Last Friday, hundreds of Peruvian citizens blocked the Central Highway, a key access road to the capital Lima, as part of a series of nationwide protests against the government of interim President Dina Boluarte and members of Parliament. Protesters, who have been demanding Boluarte’s resignation and the calling of early elections, placed stones and tires on the road, leading to its partial closure. Police arrived an hour later and used tear gas to disperse the protesters, who fled through the streets of the nearby slum of Huaycan.
This latest episode of protests comes after police dispersed demonstrators in Lima’s historic center the day before. Protests in this area have been banned since mid-February by a law of the capital’s municipality, led by conservative mayor Rafael Lopez. The law declares the historic center an “intangible zone” for the development of demonstrations and seeks to restore “peace and tranquility” to the city’s streets.

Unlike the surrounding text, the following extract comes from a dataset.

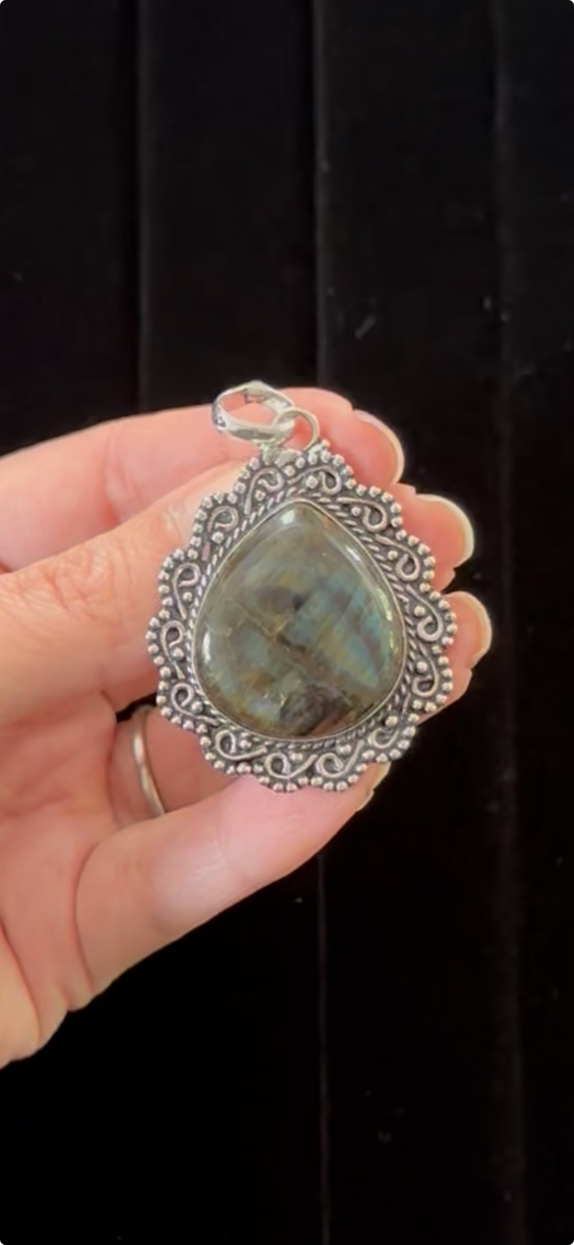 Handmade, All Natural Labradorite Stone, Silver over Copper pendant.

Since Boluarte took office in December 2021, after Congress ousted his predecessor Pedro Castillo, protests have been frequent throughout the country. The protests, which began in Peru’s southern Puno region, have spread to the capital and have been led largely by low-income and Andean citizens. The government has shelved several bills to bring forward the elections, which has generated frustration among the protesters, who continue to demand political changes and the calling of early elections.
According to the Ombudsman’s Office, the protests have left a toll of 60 deaths, mostly demonstrators, with 48 victims of direct confrontations with security forces. The State Department’s Assistant Secretary for Latin America, Brian Nichols, has urged the Peruvian government and Parliament to reach an agreement to move forward with calling elections and restoring confidence in Peruvian democracy.